Italie : polémique autour de l'inauguration d'une monument à la mémoire du partisan Giovanni Balbinot

Italie : polémique autour de l’inauguration d’une monument à la mémoire du partisan Giovanni Balbinot

Convoi de partisans dans une ville italienne. Crédit : DR

13/10/12 – 12h00
ROME (NOVOpress)
– L’inauguration, qui aura lieu demain dimanche 14 octobre, du monument à la mémoire du partisan communiste Giovanni Balbinot suscite la controverse. « C’est très bien de célébrer la mémoire des partisans, mais il serait tout de même préférable d’éviter d’honorer ceux qui ont été impliqués dans des événements indignes. » Cette accusation vient de la fille de Vincenzo Abbiati, un fasciste victime des partisans à San Floriano, le village où vient d’être installée une statue à la mémoire de « Tumori », le nom de guerre de Balbinot, médaille d’argent de la valeur militaire, décédé à 85 ans en 2006.

Une affirmation qui rouvre la question du « sang des vaincus », c’est-à-dire les exécutions extrajudiciaires perpétrées par les « antifascistes » après la fin des hostilités (en Italie) le 25 avril 1945. Vincenzo Abbiati, que les partisans considéraient comme un collaborateur, a été l’une des victimes de cette époque de haine.
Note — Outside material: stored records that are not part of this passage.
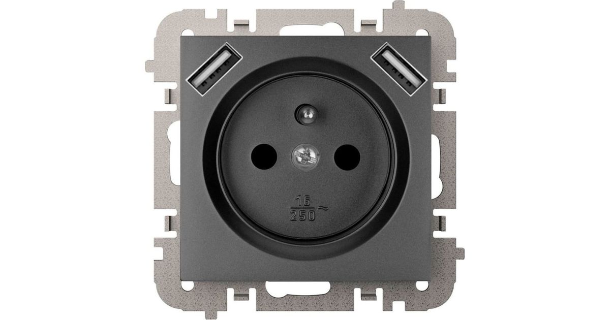 Elektro-Plast Vestra Socket 2P + Z 2xUSB power supply without frame, flush-mounted IP20 black 3888-19
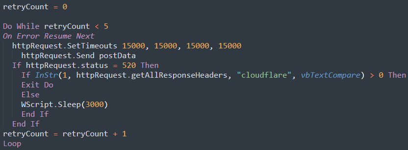 该脚本还包含一个循环,如果发生错误,则会尝试将信息发送给攻击者五次。
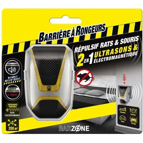 - Contenu : 1 x RĂ©pulsif 2 en 1 Ultrasons & ElectromagnĂ©tiques Rats et Souris – Blister de 1 Appareil BARZONE BARRIERE A RONGEURS, Dimensions (L x P x H): 20,2 x 8 x 18, BARSONICMAX
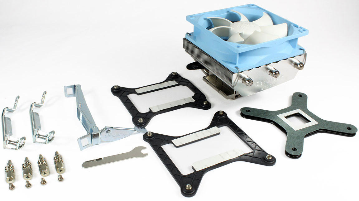При разработке GlacialTech Igloo 5760 было уделено внимание, в том числе, и эффективному обдуву околосокетного пространства, поэтому радиатор, набранный из алюминиевых пластин, ориентирован параллельно плоскости материнской платы. Три тепловые трубки, предположительно, диаметром 8 мм выходят из основания, служащего также вспомогательным теплосъемником.
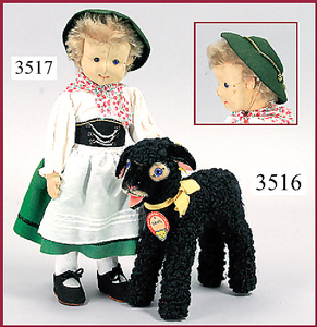 STEIFF, Liesel, woman from Upper Bavaria, jointed felt,, original traditional costume, voice is faulty, inset hairpiece, with long hair, with button, without chest label and cloth tag label, 35 cm, very good condition, 1909-1927, rare, good condition
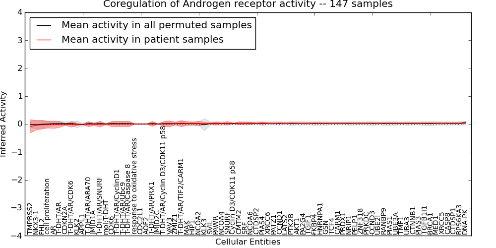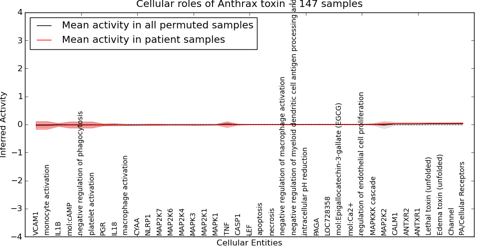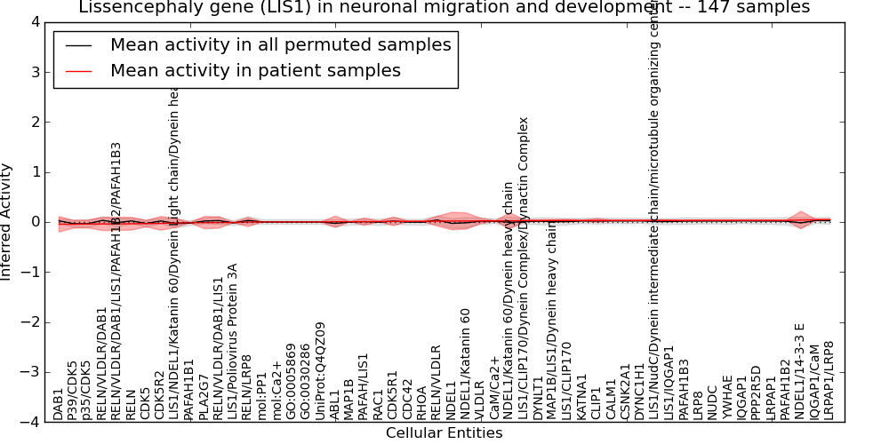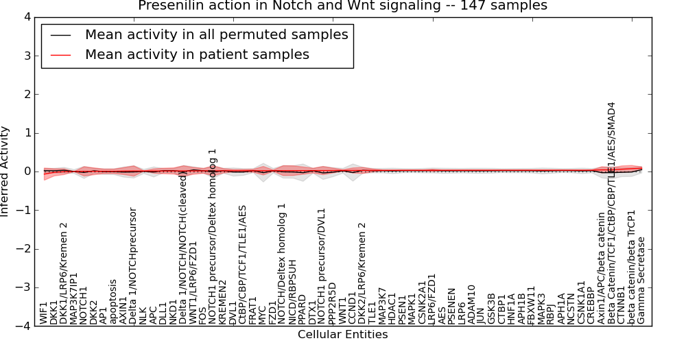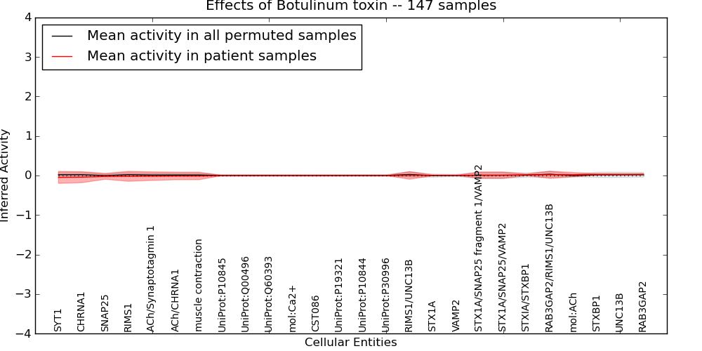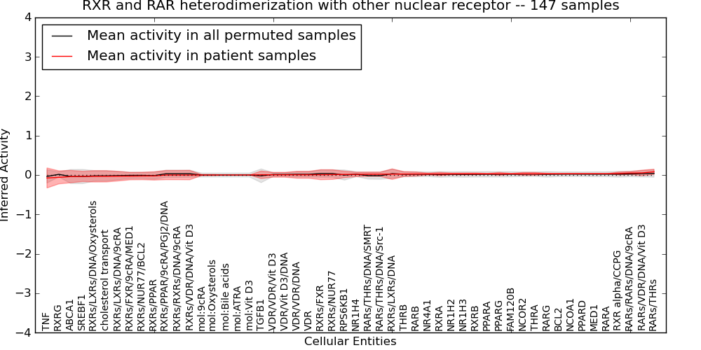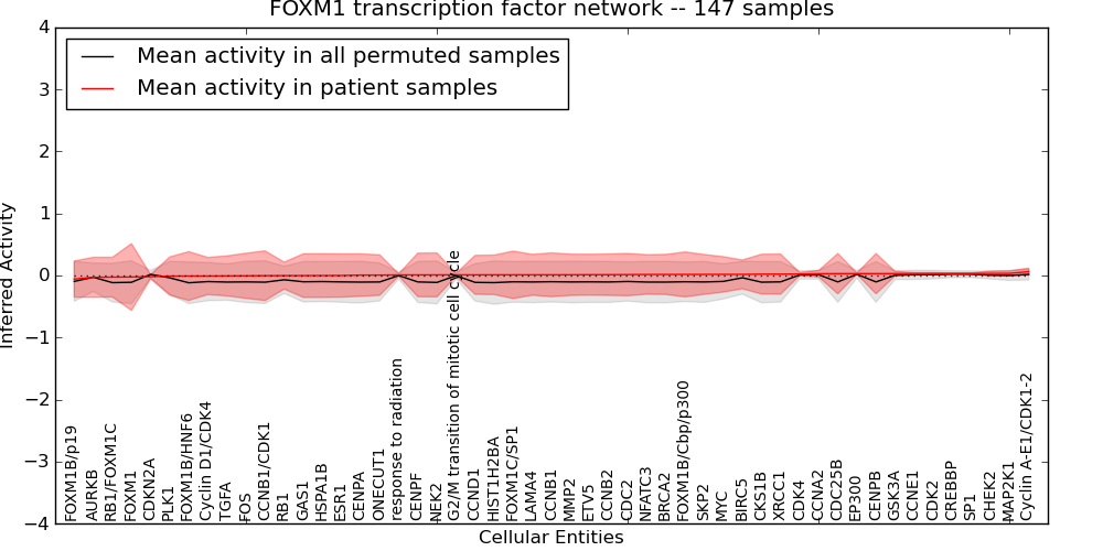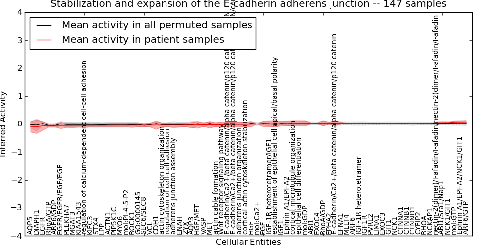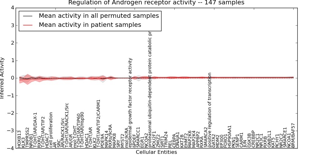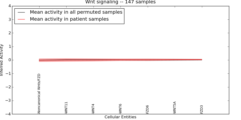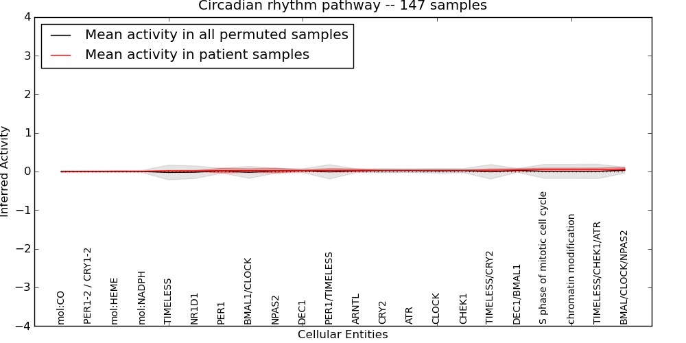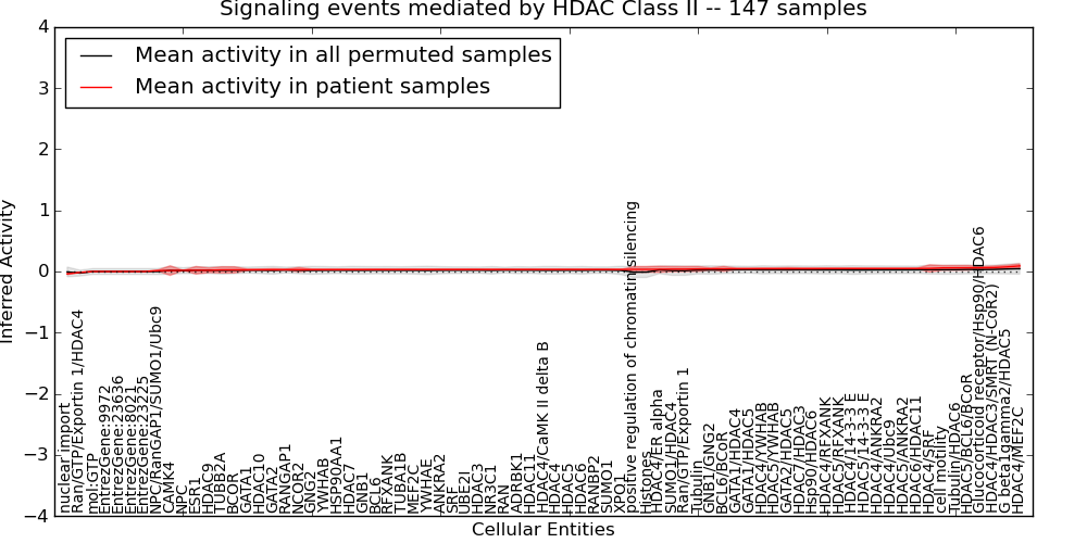 Figure S131. Get High-res Image This plot shows pathway concept perturbations across all samples against a permutation model. The concepts along the x-axis are sorted by lowest to highest mean activity for the real patient samples. Mean inferred activities are plotted along the y-axis as a colored band showing the average level and one standard deviation range. Real samples are shown in red and permuted samples in black.
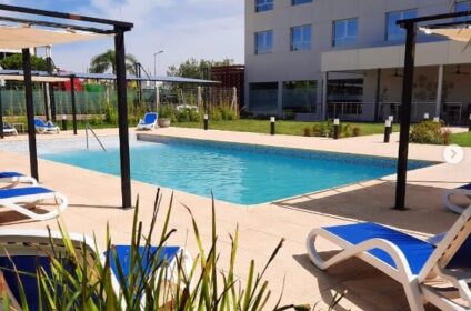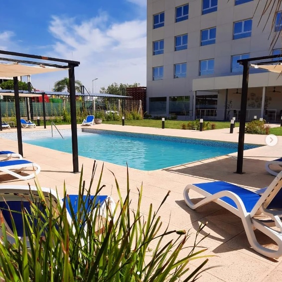 Complejo hotelero de 4 estrellas superior, ubicado en el acceso principal de la ciudad de Charata, Chaco. Contamos con 2.244m2 repartidos en cuatro niveles; con 40 habitaciones de diferentes tipologías en los tres niveles superiores, dejando la planta baja de acceso para el gran lobby, restó y sector de spa, gimnasio, sauna y masajes. El en centro del predio una elegante piscina completa la propuesta de amenities, con un solárium, servicio de bar y un parque autóctono, único con vegetación original que muestra la riqueza del chaco en todo su esplendor. Todas las habitaciones se encuentran equipadas con amueblamiento de diseño exclusivo, caja de seguridad, aire acondicionado, frigo bar, wi fi, lcd de 32”, señal de cable y telefonía. Entre los servicios que brinda el Hotel se destaca: un completo y elegante restaurante, gimnasio cardiovascular, sauna húmeda, sala de masajes y cocheras.
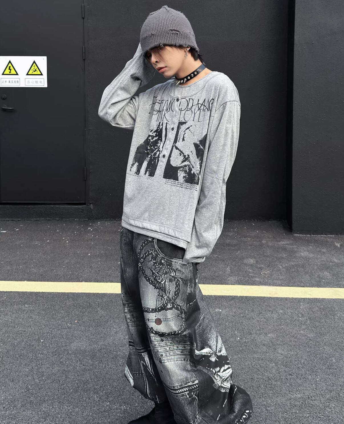 Printed Fake Two-Piece Long-Sleeve T-Shirt 0004
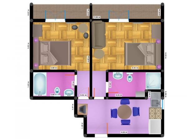 Apartman za četiri osobe plus dva pomoćna ležaja (45 m2)
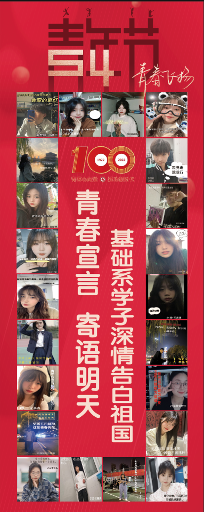 為慶祝建團100周年、迎接黨的二十大勝利召開,落實“從黨史學習中激發信仰、獲得啟發、汲取力量”的要求,基礎系團總支在五四青年節之際組織開展“青春宣言 寄語明天”活動。
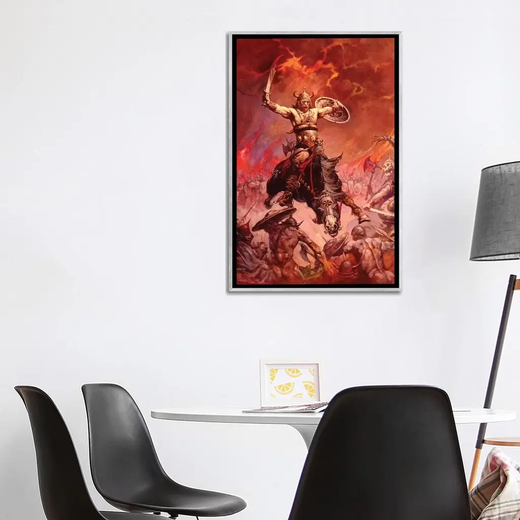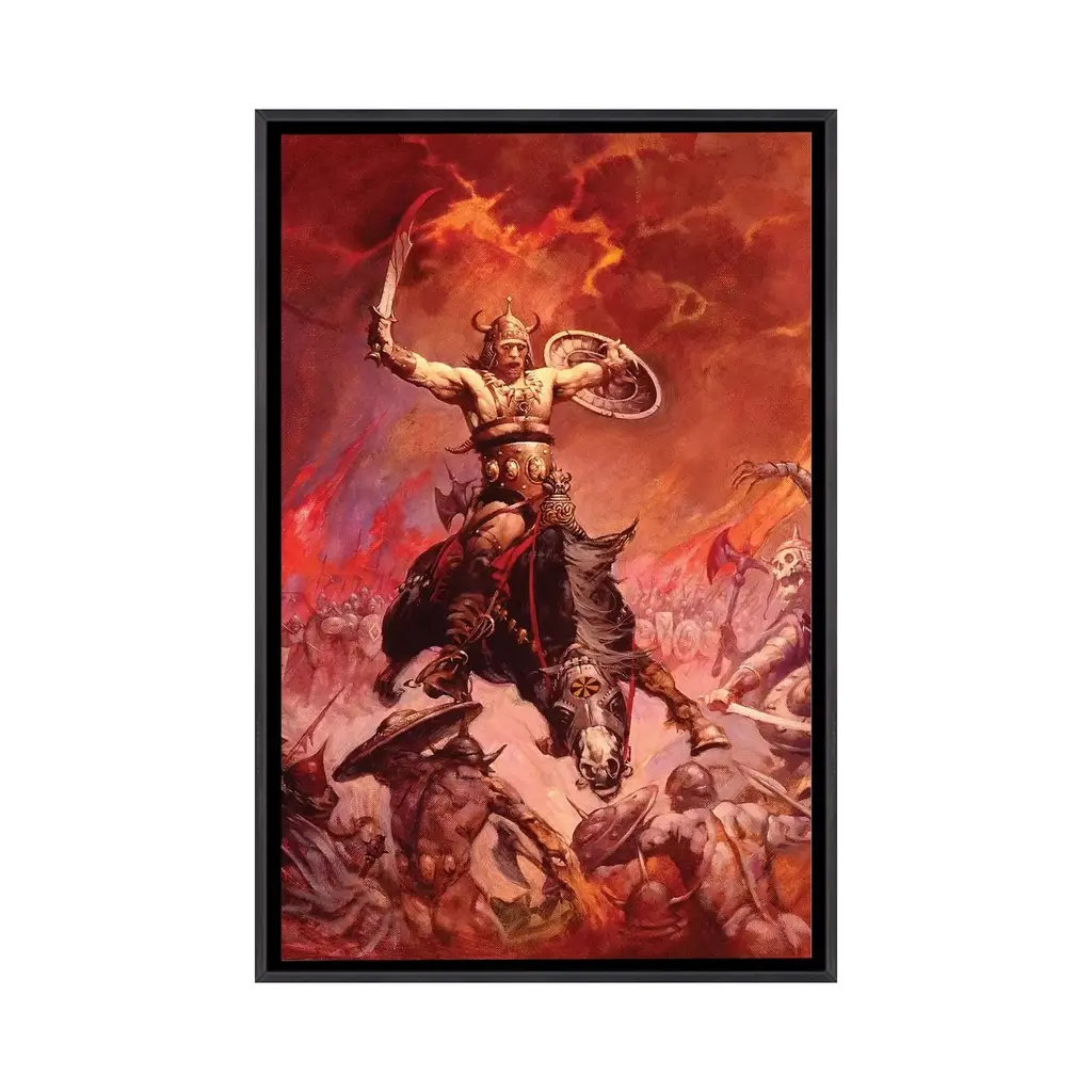Icanvas "The Berserker" By Frank Frazetta Framed - Ebony - 40x26
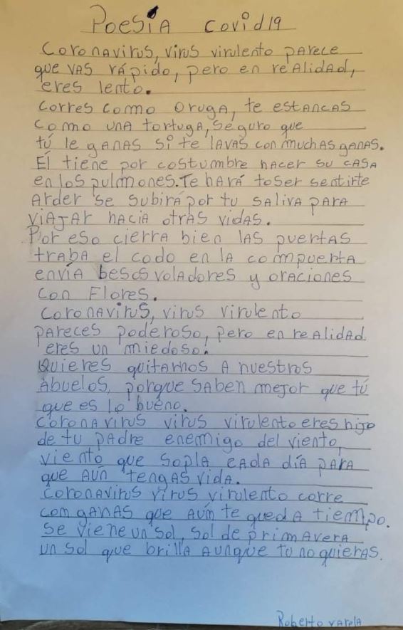 Así parte la poesía escrita por Roberto Varela, niño de 12 años autor del texto que se hizo viral en redes sociales y que postula al concurso del Departamento Administrativo de Educación Municipal (DEAM) de Osorno, llamado Festival de las Artes desde Casa.
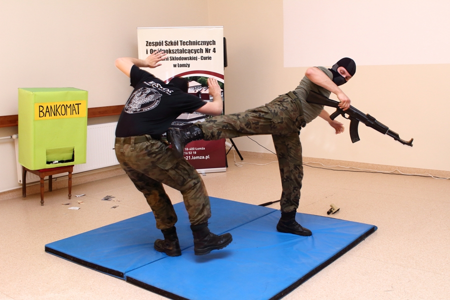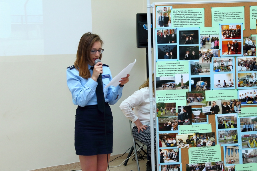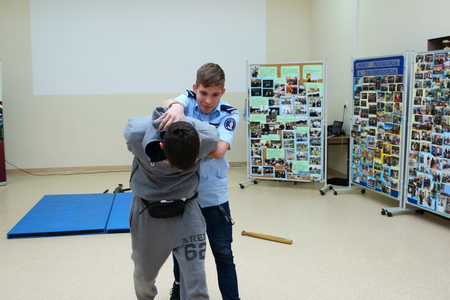 Młodzież pochwaliła się nabytymi umiejętnościami w scence reklamującej profil policyjny w liceum ogólnokształcącym. Starsi strzelcy: Krystian Mieczkowski, Mateusz Wykowski i Łukasz Zysk z OSW – Jednostki Strzeleckiej 1012 w Łomży dali pokaz samoobrony. Ostatnim punktem części artystycznej był występ wokalny uczennicy kl. 2PP – Patrycji Baranowskiej.

Lombard d’origine, il avait 33 ans à la fin de la guerre et sa femme était enceinte de sa fille qui reconstitue aujourd’hui le drame d’après les témoignages de proches : « Mon père a été emmené à Santa Croce del Lago le 6 mai 1945 par quatre partisans. Ils l’ont emmenés au centre de Fadalto Basso. Ici, il a été abattu non loin de l’endroit où ils ont fait aujourd’hui le monument. Puis, ils ont chargé son corps sur une brouette et l’ont transféré au cimetière. Cette commémoration dans cet endroit est évidemment très douloureuse pour moi. »

Embarassé, Pierpaolo Brescacin, directeur scientifique de l’office historique de la résistance, affirme n’avoir pas d’éléments précis sur cette affaire, se bornant à dire qu’il est « vrai que l’ombre de la guerre s’est prolongée au-delà de la fin officielle des hostilités et il y a eu des incidents sanglants assez nombreux jusqu’à ce que les alliés anglo-américains fassent pression pour “calmer” les partisans et normaliser la situation ».